Lo que se siente… al ser un esclavo sexual de la prisión

Por Roderick Johnson, de 35 años, según lo contado a Tyler Cabot

Poco después de llegar a la prisión de Allred en Texas, Bret Ramos me reclamó como suyo. Me dijo que tenía dos opciones: Podía someterme, o podía morir. Así comenzó mi vida como esclava sexual en la prisión.

Lo que la mayoría de la gente no entiende es que la violación en la cárcel no es como en el exterior. No es aleatoria ni caótica. Es planificada y metódica. Es un negocio. Las bandas negocian entre ellas para determinar quién va a estar con quién. Y otros reclusos no se atrevieron a tocarme sin aclararlo primero con mi dueño.

Ramos me violaba una, dos, a veces tres veces al día. Luego me obligaba a limpiar su celda, a hacerle la cama o a cocinarle la comida. Al final me exigió que tuviera relaciones sexuales con sus amigos, que empezaron a llamarme «Coco». Cuando otra esclava sexual recibió una fuerte paliza por negarse a mantener relaciones sexuales, dijo que me ocurriría lo mismo si no accedía.

Cuando finalmente me trasladaron a otro bloque de celdas, Cliff Brown me dijo que él y su banda me habían «comprado». Fue entonces cuando la prostitución se intensificó. Me obligaron a mantener relaciones sexuales con docenas de otros reclusos: bandas blancas, bandas mexicanas, bandas negras. A veces era anal. A veces oral. A veces ambas cosas. Lo hacían en las celdas, en la ducha, en las escaleras. El precio era de cinco o diez dólares en el economato por un polvo. Finalmente me trasladaron a otro edificio. Allí me esperaba La Brigada. En el siguiente edificio estaban los Soldados Akin. Luego los Reyes del Marfil.

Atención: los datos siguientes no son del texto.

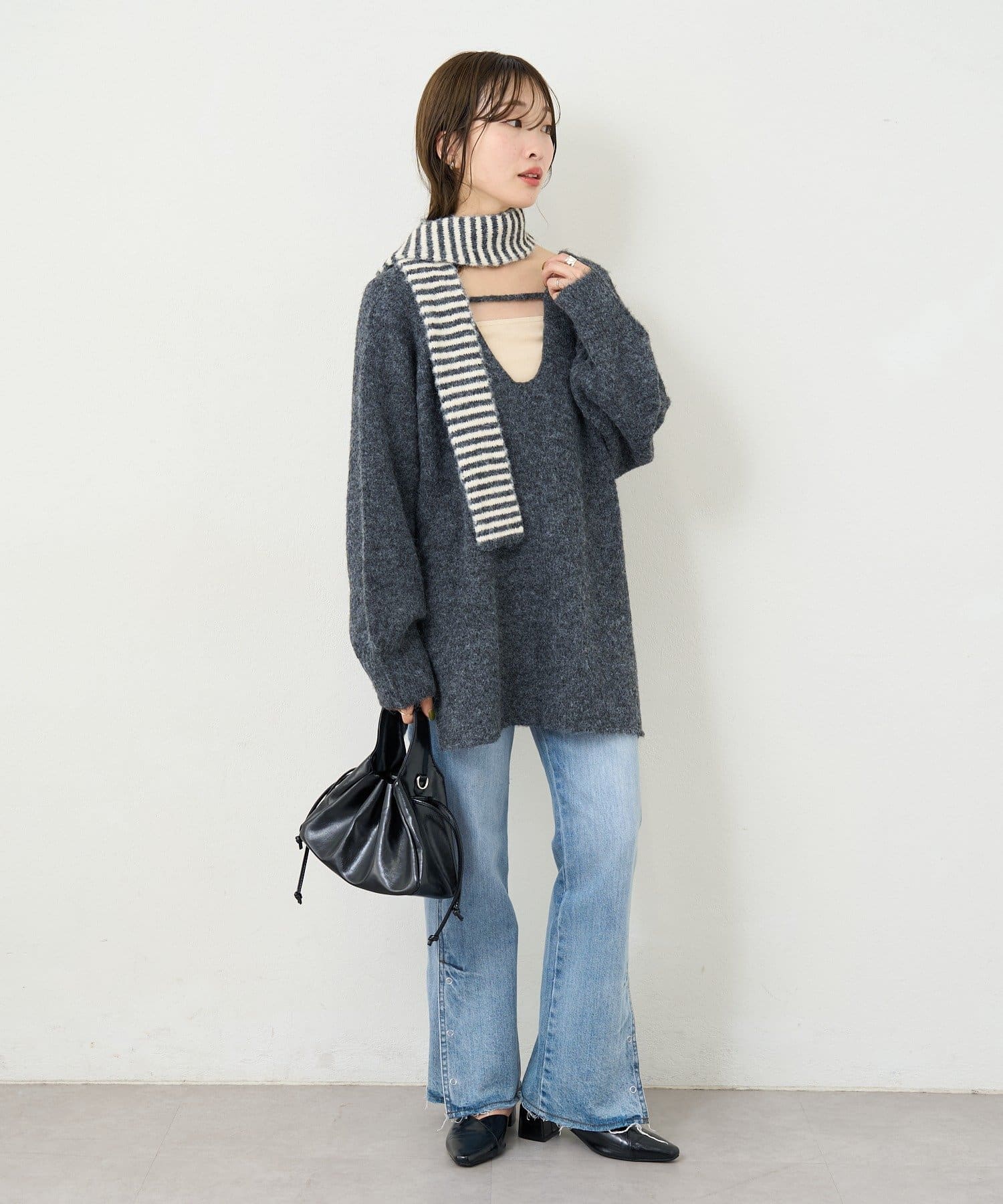 インナーにキャミソールやハイネックを合わせてレイヤードもおすすめ。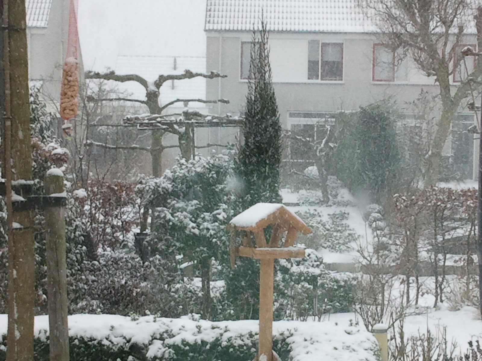 It had not snowed since my last post a few days ago, and today, right towards the very end of our trip, it kept on snowing for a good 4 hours (at least!). It was snowing so hard that we could not get out of the house – the kind of weather which my mother-in-law says she hates. The scenery surrounding this neighborhood now is so different from a few days ago – everywhere is white! Even the canal right behind my parents-in-law place has now gone frozen solid; all ready for skaters to start skating on natural ice!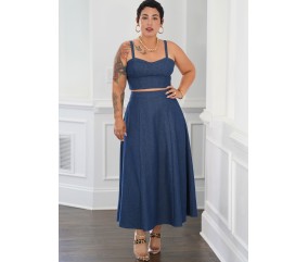 Corset court ajusté avec bonnets renforcés et armatures pour le soutien. Jupe à taille légèrement abaissée, disponible en deux longueurs. Fermetures zippées latérales pour le haut et la jupe. Tailles de bonnets pour Miss (B, C et D) et Femme (C, D et DD).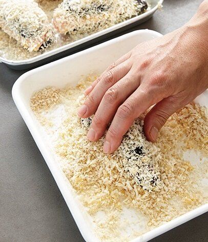なすの皮の面は、パン粉がはがれやすいので、手でやさしく押さえてつける。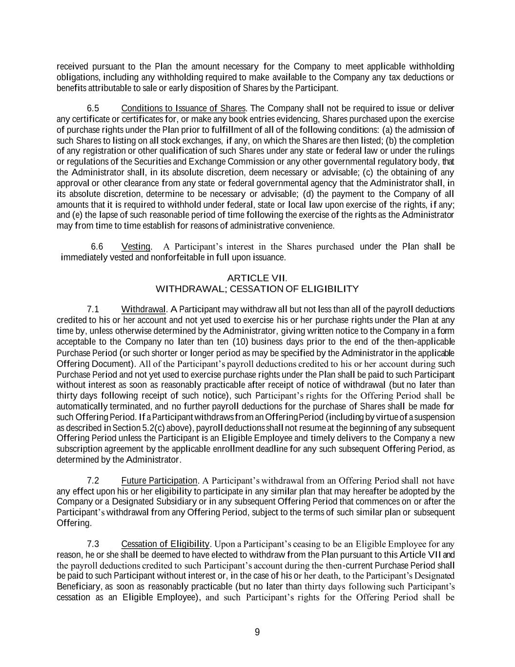 9 received pursuant to the Plan the amount necessary for the Company to meet applicable withholding obligations, including any withholding required to make available to the Company any tax deductions or benefits attributable to sale or early disposition of Shares by the Participant. 6.5 Conditions to Issuance of Shares. The Company shall not be required to issue or deliver any certificate or certificates for, or make any book entries evidencing, Shares purchased upon the exercise of purchase rights under the Plan prior to fulfillment of all of the following conditions: (a) the admission of such Shares to listing on all stock exchanges, if any, on which the Shares are then listed; (b) the completion of any registration or other qualification of such Shares under any state or federal law or under the rulings or regulations of the Securities and Exchange Commission or any other governmental regulatory body, that the Administrator shall, in its absolute discretion, deem necessary or advisable; (c) the obtaining of any approval or other clearance from any state or federal governmental agency that the Administrator shall, in its absolute discretion, determine to be necessary or advisable; (d) the payment to the Company of all amounts that it is required to withhold under federal, state or local law upon exercise of the rights, if any; and (e) the lapse of such reasonable period of time following the exercise of the rights as the Administrator may from time to time establish for reasons of administrative convenience. 6.6 Vesting. A Participant’s interest in the Shares purchased under the Plan shall be immediately vested and nonforfeitable in full upon issuance. ARTICLE VII. WITHDRAWAL; CESSATION OF ELIGIBILITY 7.1 Withdrawal. A Participant may withdraw all but not less than all of the payroll deductions credited to his or her account and not yet used to exercise his or her purchase rights under the Plan at any time by, unless otherwise determined by the Administrator, giving written notice to the Company in a form acceptable to the Company no later than ten (10) business days prior to the end of the then-applicable Purchase Period (or such shorter or longer period as may be specified by the Administrator in the applicable Offering Document). All of the Participant’s payroll deductions credited to his or her account during such Purchase Period and not yet used to exercise purchase rights under the Plan shall be paid to such Participant without interest as soon as reasonably practicable after receipt of notice of withdrawal (but no later than thirty days following receipt of such notice), such Participant’s rights for the Offering Period shall be automatically terminated, and no further payroll deductions for the purchase of Shares shall be made for such Offering Period. If a Participant withdraws from an Offering Period (including by virtue of a suspension as described in Section 5.2(c) above), payroll deductions shall not resume at the beginning of any subsequent Offering Period unless the Participant is an Eligible Employee and timely delivers to the Company a new subscription agreement by the applicable enrollment deadline for any such subsequent Offering Period, as determined by the Administrator. 7.2 Future Participation. A Participant’s withdrawal from an Offering Period shall not have any effect upon his or her eligibility to participate in any similar plan that may hereafter be adopted by the Company or a Designated Subsidiary or in any subsequent Offering Period that commences on or after the Participant’s withdrawal from any Offering Period, subject to the terms of such similar plan or subsequent Offering. 7.3 Cessation of Eligibility. Upon a Participant’s ceasing to be an Eligible Employee for any reason, he or she shall be deemed to have elected to withdraw from the Plan pursuant to this Article VII and the payroll deductions credited to such Participant’s account during the then-current Purchase Period shall be paid to such Participant without interest or, in the case of his or her death, to the Participant’s Designated Beneficiary, as soon as reasonably practicable (but no later than thirty days following such Participant’s cessation as an Eligible Employee), and such Participant’s rights for the Offering Period shall be

Supliqué una y otra vez a los guardias, al alcaide y al comité de clasificación que me pusieran a salvo. Cada vez me encontré con oídos sordos y risas. Me dijeron que como era homosexual, no importaba. Me dijeron que «luchara o follara». La violación continuó. La prostitución continuó. Y con ella, mi vergüenza creció y creció. Finalmente no pude enfrentarme más a la constante humillación. Tenía ganas de suicidarme.

Por fin, escribí a la ACLU y les dije que quería suicidarme. Ellos volaron a la prisión y se pusieron en contacto con el director de la misma. Y por primera vez desde que comenzó mi calvario dieciocho meses antes, me pusieron a salvo.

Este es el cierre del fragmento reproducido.